In this paper, the adjustable model is built according to the stator current equations in d-q axis, and the adaptive law of speed estimation is constructed according to the Popov stability. Then, for the problems of speed estimation and parameters identification simultaneously, the adaptive laws of stator resistance, d-axis and q-axis inductance are constructed through Lyapunov stability.

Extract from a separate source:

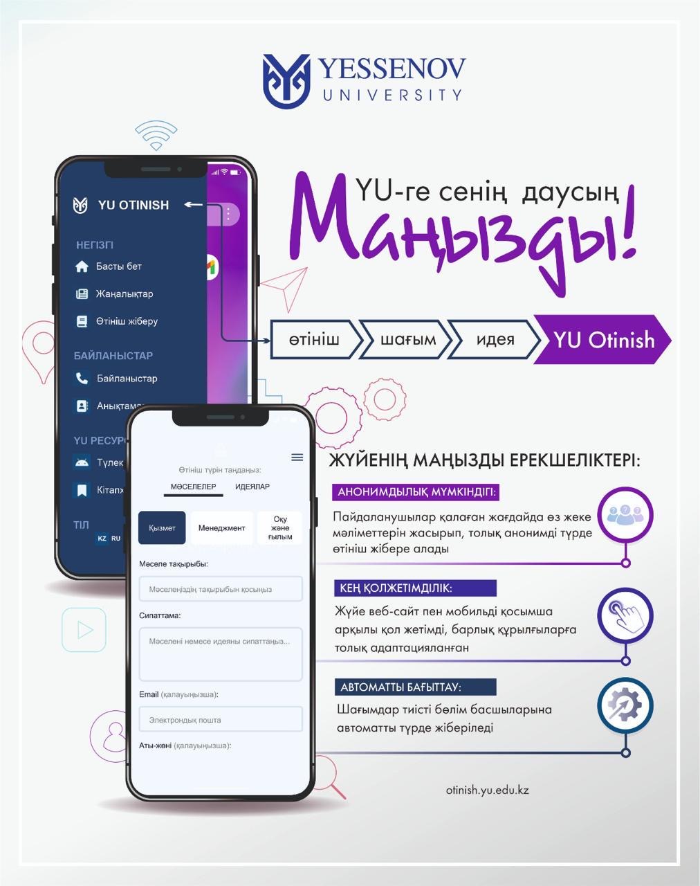 Yessenov University студенттері мен қызметкерлері үшін жаңа «YU Otinish» электронды жүйесі іске қосылды. Бұл инновациялық платформа университет қауымдастығына оқу процесі, инфрақұрылым, қызмет көрсету сапасы және басқа да мәселелер бойынша өз ұсыныстарын немесе шағымдарын тиімді жеткізуге мүмкіндік береді.

So, this paper solves the change of parameters due to external factors in PMSM running. In sensorless control, some parameters are important, and we need to identify the parameters at the same time as speed estimation. This paper proposes a solution to estimate speed and identify stator resistance, d-axis and q-axis inductance simultaneously. The feasibility and effectiveness of this method are proved by simulation and experimental results.